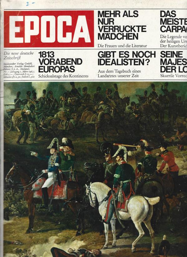 EPOCHA Nr. 1 März 1963Jahrgang 1Verlag: Süddeutscher Verlag GmbHMünchen, Arnoldo MondadoriZeitschrift, 98 SeitenFormat: 26 x 33,5 cmwegen Übergröße beträgt das Posto 8,50 EuroZustand: sehr gut erhaltenes Exemplar
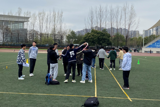 这是一项考验参赛者团结协作能力的运动,如果在内圈的同学太追求速度,那么很有可能让外圈跑的距离长的同学摔倒或者脱手,所以在注重团结协作的同时,也要注意技巧的运用哦!
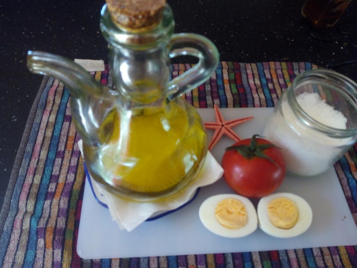 Preparamos el aliño triturando el huevo duro junto con el tomate, el vinagre, el aceite y sal al gusto. si prefieres el aliño con tropezones puedes cortar a cuadraditos pequeños el huevo duro y el tomate y luego lo acabas de aliñar con el vinagre, el aceite y la sal.
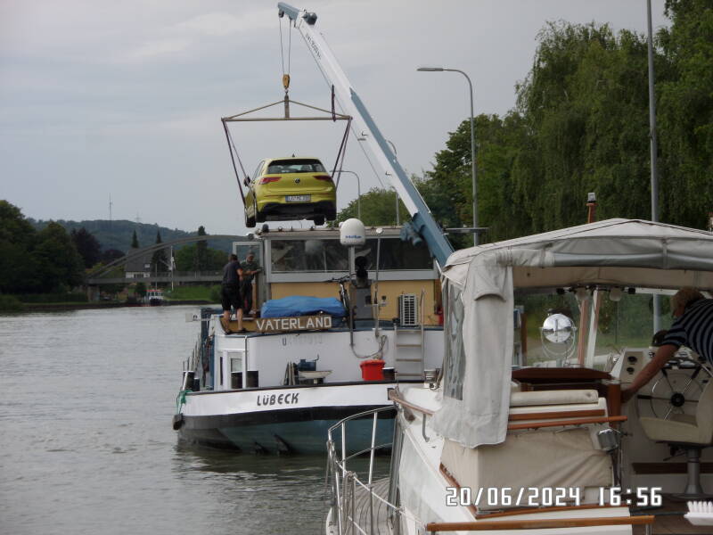 Lidt senere , kommer der en lægter og lægger til og efterfølgende læsser sin bil af .
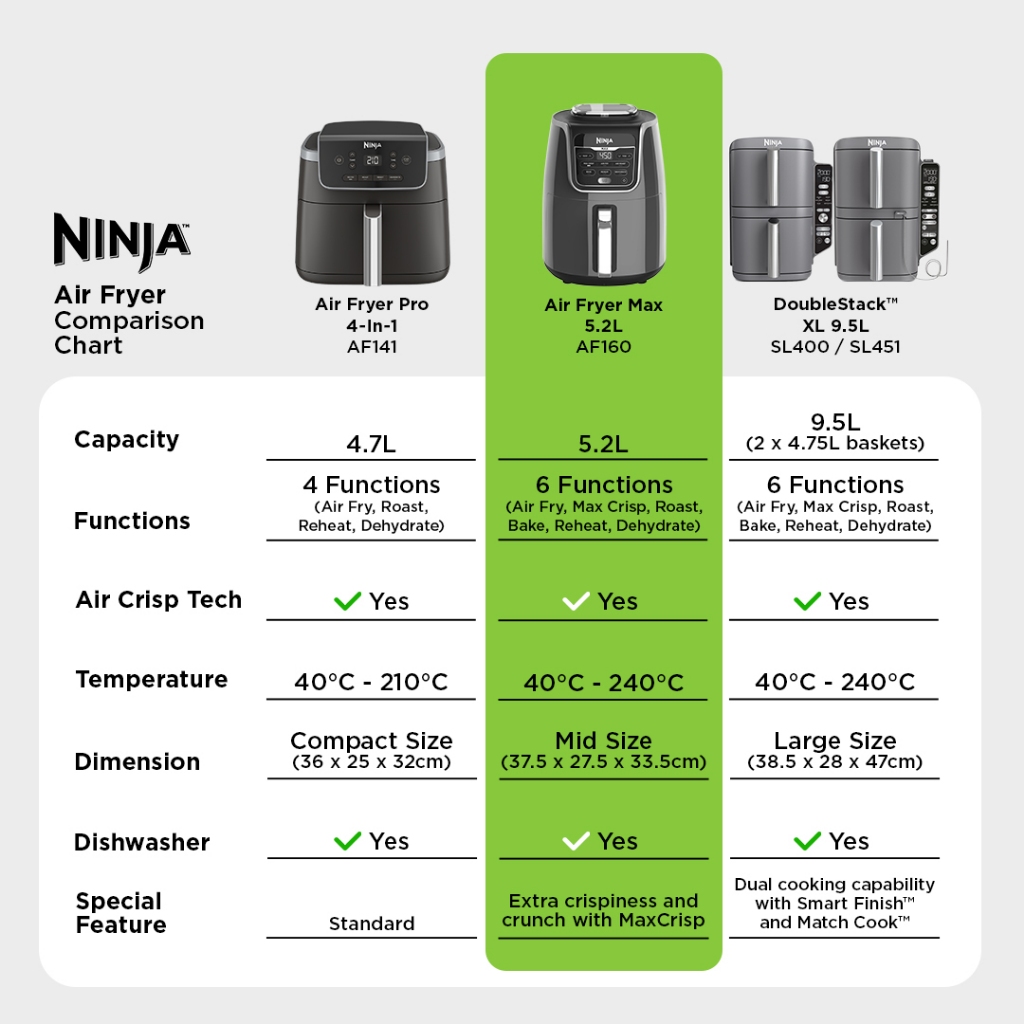 Ninja Air Fryer Max 5.2L, Digital Airfryer, Cooks, Crisps, Roasts, Bakes, Reheats and Dehydrates - Ninja AF160
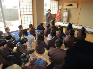 12月17日(水)に6年生が茶道体験を行いました。お辞儀の仕方をはじめ、茶室でのお作法をたくさん教えていただきました。細かな所作がたくさんあり、難しく感じることもありましたが、日本の伝統文化である「茶道」に触れるという大変貴重な体験をすることができました。
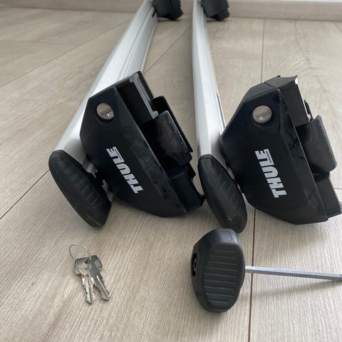 Stenger: Thule WingBar (aerodynamisk profil, aluminium), lengde 127 cm.
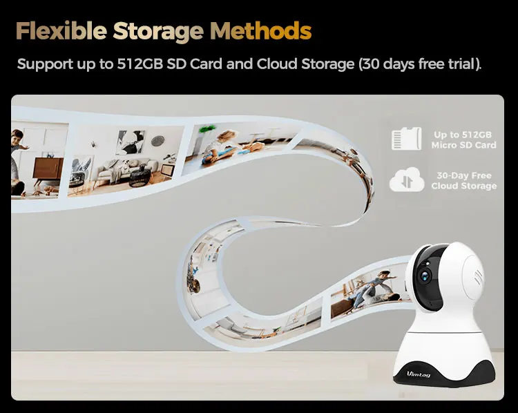 Financial encryption video storage technology enables the security camera to keep a private recording in the Vimtag cloud, meanwhile you can choose an SD card (up to 512G) to avoid any possible risks, managing 24/7 absolute protection for your family,baby and pets.
________________________
*Exercise goal*
Each record needs to be reproduced exactly, and no image should be carried over.

*Solution to the problem*
 EPOCHA Nr. 1 März 1963Jahrgang 1Verlag: Süddeutscher Verlag GmbHMünchen, Arnoldo MondadoriZeitschrift, 98 SeitenFormat: 26 x 33,5 cmwegen Übergröße beträgt das Posto 8,50 EuroZustand: sehr gut erhaltenes Exemplar
 这是一项考验参赛者团结协作能力的运动,如果在内圈的同学太追求速度,那么很有可能让外圈跑的距离长的同学摔倒或者脱手,所以在注重团结协作的同时,也要注意技巧的运用哦!
 Preparamos el aliño triturando el huevo duro junto con el tomate, el vinagre, el aceite y sal al gusto. si prefieres el aliño con tropezones puedes cortar a cuadraditos pequeños el huevo duro y el tomate y luego lo acabas de aliñar con el vinagre, el aceite y la sal.
 Lidt senere , kommer der en lægter og lægger til og efterfølgende læsser sin bil af .
 Ninja Air Fryer Max 5.2L, Digital Airfryer, Cooks, Crisps, Roasts, Bakes, Reheats and Dehydrates - Ninja AF160
 12月17日(水)に6年生が茶道体験を行いました。お辞儀の仕方をはじめ、茶室でのお作法をたくさん教えていただきました。細かな所作がたくさんあり、難しく感じることもありましたが、日本の伝統文化である「茶道」に触れるという大変貴重な体験をすることができました。
 Stenger: Thule WingBar (aerodynamisk profil, aluminium), lengde 127 cm.
 Financial encryption video storage technology enables the security camera to keep a private recording in the Vimtag cloud, meanwhile you can choose an SD card (up to 512G) to avoid any possible risks, managing 24/7 absolute protection for your family,baby and pets.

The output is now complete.